Uganda targets 2027 start for world’s longest heated oil pipeline

Uganda targets 2027 start for world’s longest heated oil pipeline

“The east African crude oil pipeline is ongoing,” Uganda’s energy minister Ruth Nankabirwa told the Financial Times at the COP29 climate summit in Baku, Azerbaijan. “We have invested a lot of money in exploring exploration [and] in critical infrastructure. We are now drilling.”

Uganda is set to become an energy producer by 2027, allowing the landlocked nation to export oil from two oilfields via a $4bn, 1,443km-long pipeline that would run through Tanzania to the port of Tanga. The developments will transform east Africa’s energy market but have been criticised for displacing communities and damaging the environment.

TotalEnergies alongside China’s Cnooc is leading the project alongside the Ugandan and Tanzanian national oil companies to develop the Kingfisher and Tilenga fields close to Lake Albert. Drilling has begun at both sites and the pipeline’s construction is already under way.

Once fully operational, Uganda expects to produce 230,000 barrels a day of oil — higher than Opec member Gabon’s output — with 60,000 b/d refined for domestic use. The remaining 170,000 b/d will be exported through the pipeline, which will be electrically heated to help pump Uganda’s thick and viscous crude grades.

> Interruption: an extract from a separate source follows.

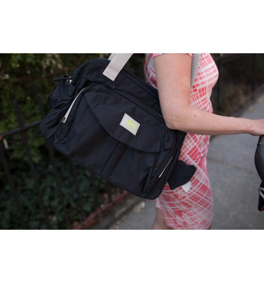 - Insulated storage pouch, pacifier case & large removable changing pad included
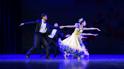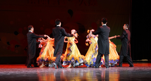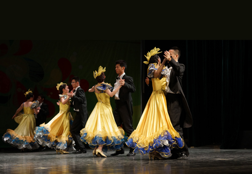 训练初期,因为学校安排的课程十分有限,同学们对一些基本动作仍然领悟不到位,对比赛所规定的圆舞曲节奏的把握也是力不从心,但是凭借团队强烈的荣誉感和自信心,逐渐从观看、模仿教学视频当中找到了突破口。为避免舞蹈动作出现错误,同学们便相互监督,互相纠正。通过各班文艺委员以及参赛队中几位舞蹈爱好者的牵头,大家集思广益最终确定了参赛的华尔兹曲目,并配合着舞蹈音乐,来确定出最终组成舞蹈的分解动作,按照舞曲基本节奏旋转打圈,动作轻快、优美,情绪热烈、欢快。华尔兹舞步具有明显的升降动作,加上轻柔灵巧的倾斜、摆荡、反身和旋转动作以及各种优美的造型,使其具有既庄重典雅、舒展大方、又华丽多姿。

The pipeline will cross nature reserves along the basin of Lake Victoria, Africa’s largest, while displacing households and wildlife across Uganda and Tanzania, say activists who are sceptical the projects will benefit local communities.

“Ugandan authorities have intensified their repression of activists protesting the oil projects in the country’s Lake Albert region,” said the International Federation for Human Rights, which in September documented at least 81 arrests and detentions since May.